Approximately 98 of our sales associates in New York City and four surrounding New York counties are represented by Local 340, New York New Jersey Regional Joint Board, Workers United. Our most recent collective bargaining agreement covering these employees ends on April 30, 2013.
As there have been no work stoppages in more than 20 years, we believe that relations are good with both of the unions that represent segments of our employees. We also believe that our relations with our non-union employees are good.
Available Information
Our principal executive offices are located at 500 Hanover Pike, Hampstead, Maryland 21074. Our telephone number is (410) 239-2700 and our website address is www.josbank.com. We make our annual reports on Form 10-K, quarterly reports on Form 10-Q, current reports on Form 8-K, and amendments to these reports available on our website free of charge as soon as practicable after they are filed with, or furnished to, the Securities and Exchange Commission (“SEC”). In addition, the public may read and copy any materials filed or furnished by us with the SEC at the SEC's public reference room at 100 F Street, N.E., Washington D.C. 20549. The public may obtain information on the operation of the Public Reference Room by calling the SEC at 1-800-SEC-0330. Also, the SEC maintains an Internet site (www.sec.gov) that contains reports, proxy and information statements and other information regarding issuers that file electronically.
Item 1A.
RISK FACTORS
You should consider carefully the risks described below, together with the other information contained in this report. If any of the identified risks actually occurs, or is adversely resolved, our consolidated financial statements could be materially adversely impacted in a particular fiscal quarter or year and our business, financial condition and results of operations may suffer materially. As a result, the market price of our common stock could decline and you could lose all or part of your investment in our stock. The risks described below are not the only risks we face. Additional risks and uncertainties, including those not currently known to us or that we currently deem to be immaterial also could materially adversely affect our business, financial condition and results of operations.
If we are not able to continue profitably opening new stores due to general economic conditions or otherwise, our growth may be adversely affected.
A significant portion of our growth has resulted and is expected to continue to result from the opening of new stores. The deterioration in the U.S. economic environment, the disruption and significant tightening in the U.S. credit and lending markets and reduced consumer spending, among other things, can slow the development of new shopping malls and retail centers which can restrict our ability to find suitable locations for new stores. We believe that quality real estate opportunities are available in the marketplace, but such economic troubles could lead to adjustments to our expansion program in fiscal year 2012 and beyond. While we believe that we will continue to be able to obtain suitable locations for new stores, negotiate acceptable lease terms, hire qualified personnel and open and operate new stores on a timely and profitable basis, we cannot assure you that we will be able to meet these objectives. As we continue our expansion program, the proposed expansion will place increased demands on our operational, managerial and administrative resources. These increased demands could cause us to operate our business less effectively, which could cause deterioration in our financial performance. The opening of new stores may adversely affect Direct Marketing sales and profits. In addition, the opening of new stores in existing markets may adversely affect sales and profits of established stores in those markets.

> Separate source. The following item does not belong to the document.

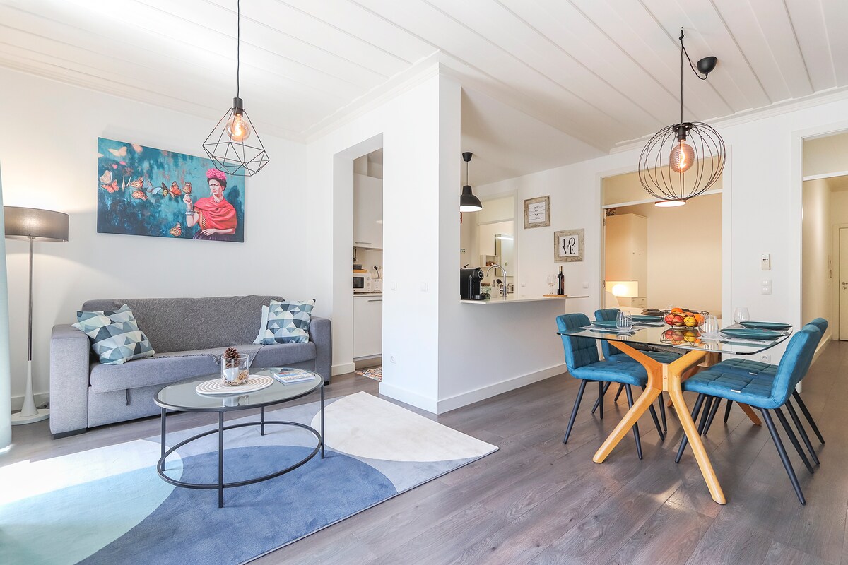 În inima Lisabonei, bucură-te de o locuință spațioasă, elegantă și centrală. La 2 străzi de emblematica piață Time Out, apartamentul de aproximativ 50m2 este compus din: - Living / sufragerie ( 1 canapea extensibilă pentru 2 persoane) - Bucătărie complet utilată în spațiu deschis - 1 baie - duș - 1 dormitor cu pat dublu ( 160x200) - TV Smart/ Netflix -AC - Wi-Fi / FIBRĂ OPTICĂ Maximum: 4 adulți Animale de companie Nu este permis APARTAMENT PENTRU NEFUMĂTORI Apartament decorat cu grijă și luminos. Coup de Coeur asigurat!
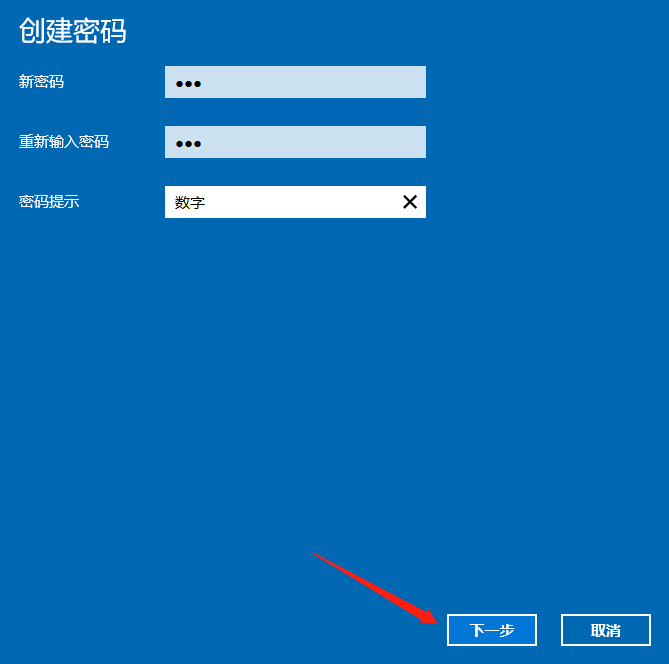 点击“添加”,出现一个创建密码的界面,我们在界面中设置密码,然后点击下一步。

The results achieved by our existing stores may not be indicative of longer term performance or the potential market acceptance of stores in other locations. We cannot assure you that any new store that we open will have similar operating results to those of prior stores. New stores commonly take up to five years to reach desired operating levels due to development typically associated with new stores such as growing the customer base, increasing brand awareness and the development of the store's sales team. The failure of the existing or the new stores to perform as predicted could negatively impact our business, financial condition and results of operations.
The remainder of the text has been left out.